→ **WHAT YOU ARE ASKED TO DO**: Go through the data below and transcribe it exactly. Omit the images.

→ **DATASET ENTRIES**:
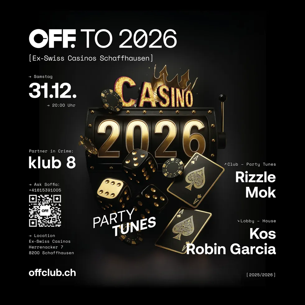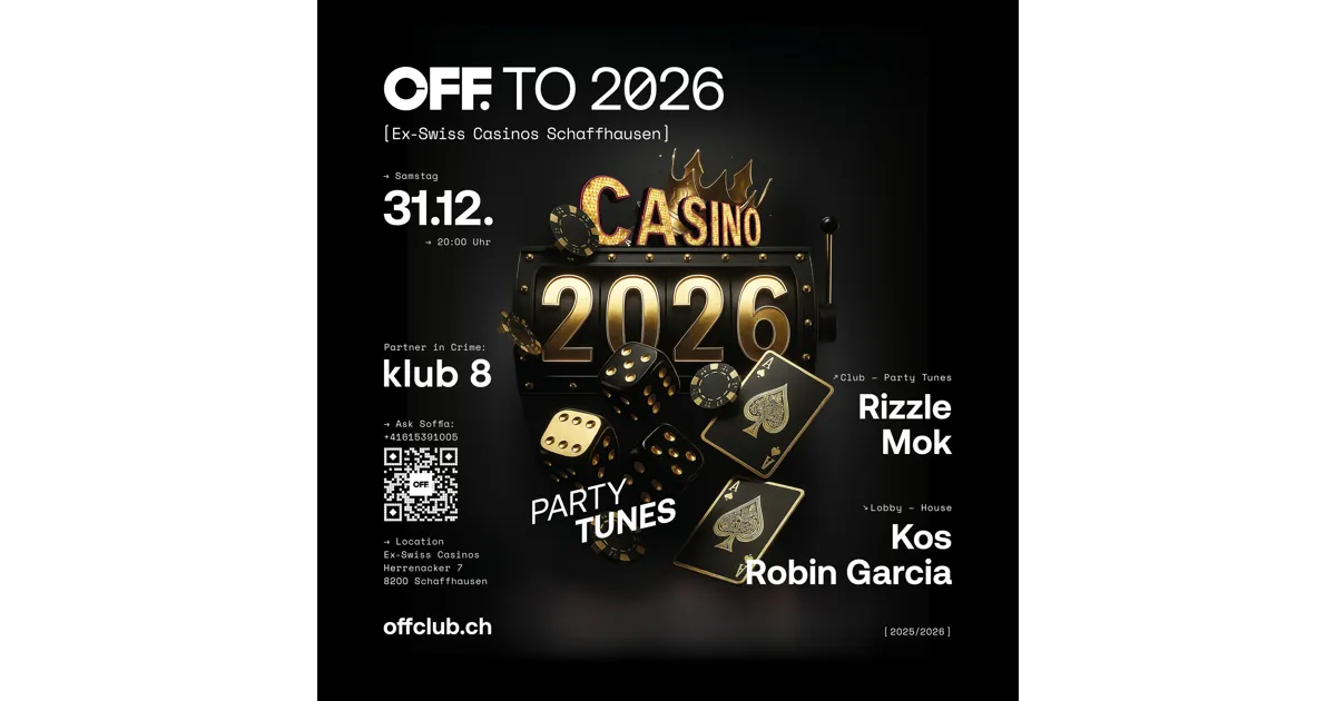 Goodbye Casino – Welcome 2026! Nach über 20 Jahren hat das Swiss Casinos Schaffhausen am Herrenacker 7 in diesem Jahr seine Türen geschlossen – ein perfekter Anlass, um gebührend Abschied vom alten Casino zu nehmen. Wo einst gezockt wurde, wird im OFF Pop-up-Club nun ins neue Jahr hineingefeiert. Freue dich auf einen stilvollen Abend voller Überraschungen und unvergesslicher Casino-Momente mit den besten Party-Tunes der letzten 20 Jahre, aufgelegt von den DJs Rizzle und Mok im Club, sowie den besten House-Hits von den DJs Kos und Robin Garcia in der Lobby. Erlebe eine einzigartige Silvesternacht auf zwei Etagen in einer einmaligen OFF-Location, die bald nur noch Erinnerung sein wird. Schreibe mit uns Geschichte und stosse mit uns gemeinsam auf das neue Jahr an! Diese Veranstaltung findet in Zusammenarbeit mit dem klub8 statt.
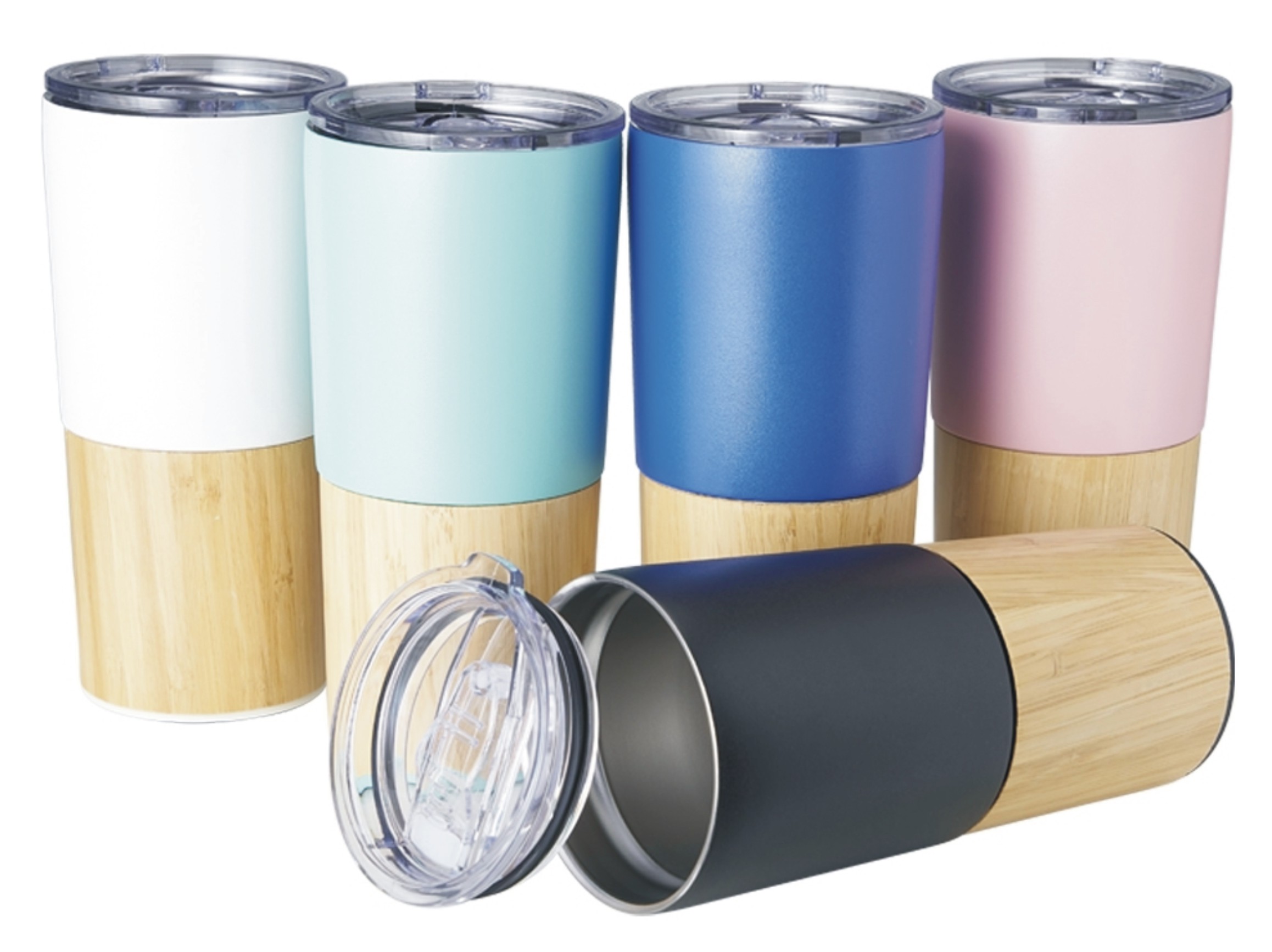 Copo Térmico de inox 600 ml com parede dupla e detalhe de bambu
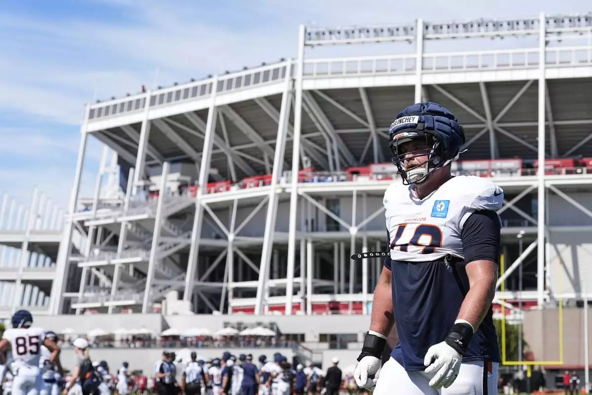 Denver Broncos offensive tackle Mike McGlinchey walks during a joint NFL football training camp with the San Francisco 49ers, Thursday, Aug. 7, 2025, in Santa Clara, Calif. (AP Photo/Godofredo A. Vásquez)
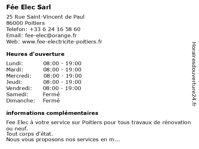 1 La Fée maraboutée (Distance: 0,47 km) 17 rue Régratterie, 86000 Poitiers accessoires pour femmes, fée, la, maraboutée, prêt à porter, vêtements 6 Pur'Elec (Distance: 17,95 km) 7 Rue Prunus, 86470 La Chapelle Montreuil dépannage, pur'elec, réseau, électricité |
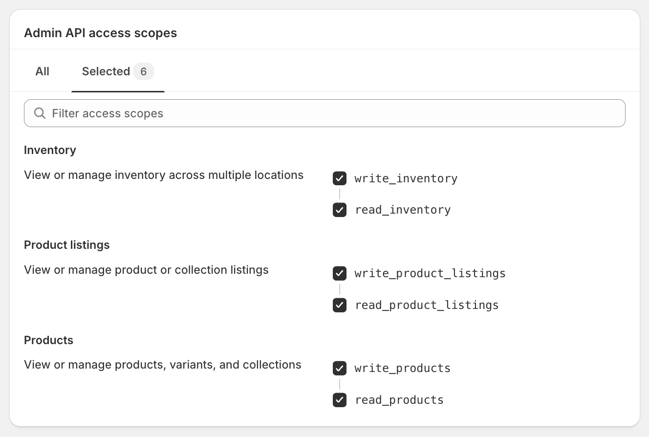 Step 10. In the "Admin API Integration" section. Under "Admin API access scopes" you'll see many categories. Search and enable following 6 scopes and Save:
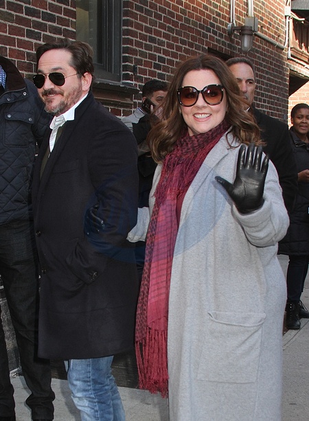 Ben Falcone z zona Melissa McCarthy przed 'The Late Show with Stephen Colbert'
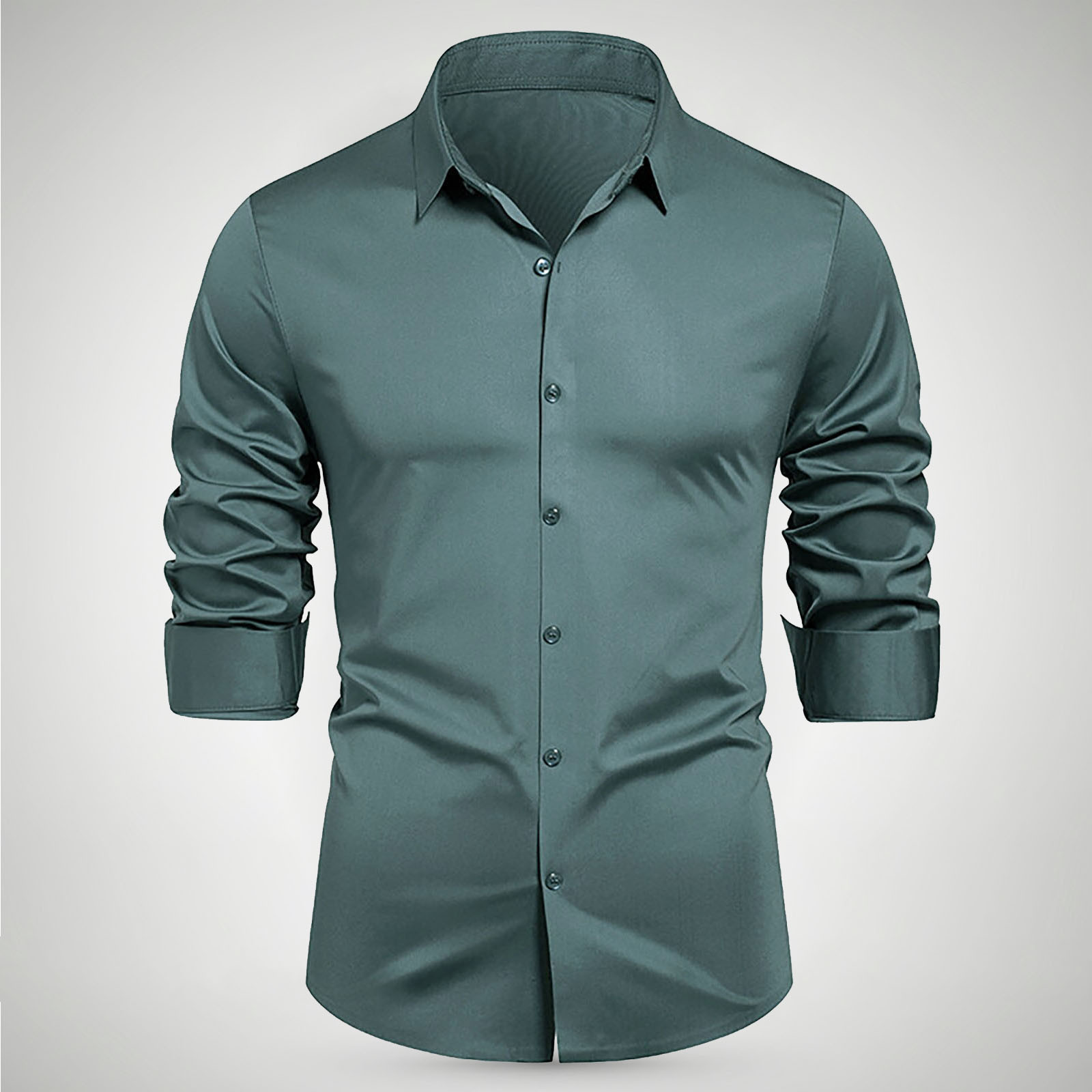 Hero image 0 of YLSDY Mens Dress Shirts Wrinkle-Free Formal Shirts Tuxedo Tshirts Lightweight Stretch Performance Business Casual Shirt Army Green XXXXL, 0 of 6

→ **FINAL ANSWER**:
 Goodbye Casino – Welcome 2026! Nach über 20 Jahren hat das Swiss Casinos Schaffhausen am Herrenacker 7 in diesem Jahr seine Türen geschlossen – ein perfekter Anlass, um gebührend Abschied vom alten Casino zu nehmen. Wo einst gezockt wurde, wird im OFF Pop-up-Club nun ins neue Jahr hineingefeiert. Freue dich auf einen stilvollen Abend voller Überraschungen und unvergesslicher Casino-Momente mit den besten Party-Tunes der letzten 20 Jahre, aufgelegt von den DJs Rizzle und Mok im Club, sowie den besten House-Hits von den DJs Kos und Robin Garcia in der Lobby. Erlebe eine einzigartige Silvesternacht auf zwei Etagen in einer einmaligen OFF-Location, die bald nur noch Erinnerung sein wird. Schreibe mit uns Geschichte und stosse mit uns gemeinsam auf das neue Jahr an! Diese Veranstaltung findet in Zusammenarbeit mit dem klub8 statt.
 Copo Térmico de inox 600 ml com parede dupla e detalhe de bambu
 Denver Broncos offensive tackle Mike McGlinchey walks during a joint NFL football training camp with the San Francisco 49ers, Thursday, Aug. 7, 2025, in Santa Clara, Calif. (AP Photo/Godofredo A. Vásquez)
 1 La Fée maraboutée (Distance: 0,47 km) 17 rue Régratterie, 86000 Poitiers accessoires pour femmes, fée, la, maraboutée, prêt à porter, vêtements 6 Pur'Elec (Distance: 17,95 km) 7 Rue Prunus, 86470 La Chapelle Montreuil dépannage, pur'elec, réseau, électricité |
 Step 10. In the "Admin API Integration" section. Under "Admin API access scopes" you'll see many categories. Search and enable following 6 scopes and Save:
 Ben Falcone z zona Melissa McCarthy przed 'The Late Show with Stephen Colbert'
 Hero image 0 of YLSDY Mens Dress Shirts Wrinkle-Free Formal Shirts Tuxedo Tshirts Lightweight Stretch Performance Business Casual Shirt Army Green XXXXL, 0 of 6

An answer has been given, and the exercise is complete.